# Old storm pics



## 06HD BOSS (Nov 28, 2005)

Found some old pics on my other computer today. This was from a storm in Jan 2003. i think we got like 18"out of this one. but that season was something else...it was snowing like every 5-7 days like clockwork & getting on average 4-6" per storm. Felt good to see these pics, but makes me frustrated now since we havent seen sh*t yet.


----------



## Idealtim (Jan 15, 2006)

hey I'm in connecticut and I feel your pain, also. Must have rained 3 inches today . It will never snow enough if at all to make up for the lack of snowfall so far. This sucks.


----------



## PerfiCut L&L (Oct 18, 2005)

That first picture is a postcard shot. I'd save that one for sure, nice snag.

Be nice if we could get something. Whats worse, is all this rain we've had over the past month could have easily been snow. Oh well. Mother nature plays hard to get. Theres still plenty of time left for things turn around. 

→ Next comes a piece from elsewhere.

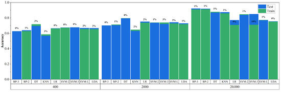 Figure 8 illustrates the analysis of training accuracy, testing accuracy, and their relative stability for ML models under three different SFNs (400, 2000, 20,000). The smaller the RCP value, the stronger the model’s stability. The results indicate that the NN-BP-3 model exhibits smaller RCP values across all frame counts, especially when SFN is 20,000, where its RCP value is only 0.0111. Conversely, the SVM-3 model has the most significant RCP value of 0.1937 among all models when SFN is 20,000, suggesting lower stability under this condition.

Anyway, thanks for the pictures.


----------



## 06HD BOSS (Nov 28, 2005)

PerfiCut L&L;349271 said:


> That first picture is a postcard shot. I'd save that one for sure, nice snag.
> 
> Be nice if we could get something. Whats worse, is all this rain we've had over the past month could have easily been snow. Oh well. Mother nature plays hard to get. Theres still plenty of time left for things turn around.


Thanks, yeah that 1st pic used to be my background for a while. I had so many more on my other computer from the past years but lost most of them somehow.


----------



## FORDV10 (Jan 17, 2004)

Nice pics........Miss those days....anybody know where the snow went on vaction....


----------